Doctrines "Pharisees" is the term applied in the last two centuries of the Second Temple Period to Jewish lay scholars, teachers and leaders, based in the synagogue with the responsibility of explaining to ordinary Jewish men and women how to live their lives according to the Law (Torah). In contrast to the aristocratic, Temple-based "Sadducees", they accepted the Prophets and other Writings as sacred scripture, in addition to the Torah (the Five Books of Moses), and believed in the divine authority of the Oral Torah, a body of tradition handed down by word of mouth alongside the Written Torah. They developed sophisticated exegetical methods derived from Greek scholarship, to help them find scriptural authority for their beliefs and practices. Closer than the Sadducees to popular beliefs and traditions, they accepted the doctrine of the resurrection of the dead, belief in angels and demons, and a form of divine predestination that left room for free will.
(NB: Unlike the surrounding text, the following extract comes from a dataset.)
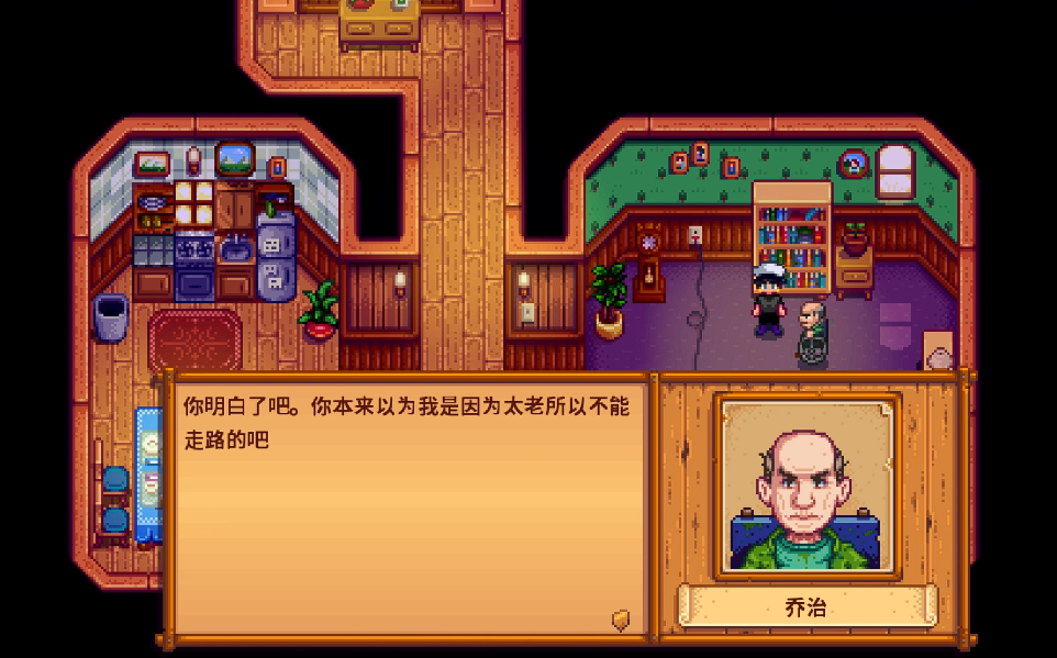 当你们的关系达到3颗心时,老乔治会寄来一份食谱。这时候记得去邮箱查收,这些食谱能帮你做出各种美味料理。继续提升好感度到6颗心时,去他家拜访会触发特别事件。你会看到他想拿书架上的东西却够不着,赶紧过去帮忙吧。他会感谢你的帮助,然后沉默一会儿,接着告诉你他不能走路是因为年轻时不小心用了炸药。这个事件让人感受到他坚强外表下的脆弱一面。

History The origin of the Pharisees is probably to be found in the "Hasidim" of the Maccabean period. These were the Jews who remained zealously faithful to their religion despite the pressures of hellenization and religious persecution. They were organized in small brotherhoods or fellowships, and for the most part kept aloof from the ruling powers in Jerusalem. They steadily gained authority among the majority of the Jewish people, however, as a result of their controlling interest in the establishment and development of synagogues throughout the Jewish world. According to one source, by the end of the period there were 400 synagogues in the city of Jerusalem alone, and the Pharisees had a powerful voice in the Sanhedrin. When Jerusalem and the Temple were destroyed in 70CE, the Pharisees were the driving force in the Yavneh (Jamnia) community where Palestinian Judaism survived.

Symbols In addition to images derived from the Torah Scroll and the Temple, such as the menorah and the shofar (see Ancient Judaism), the lion of Judah, the dove (which can represent both Israel and the Spirit of God), and the tetragrammaton. Important images of divine communication include the "voice from heaven" (Bat Kol) and the divine presence (Shekinah).

Adherents According to contemporary Jewish literature there were 6000 Pharisees in Herod's reign ( 40-4 BCE), and 400 synagogues in Jerusalem alone.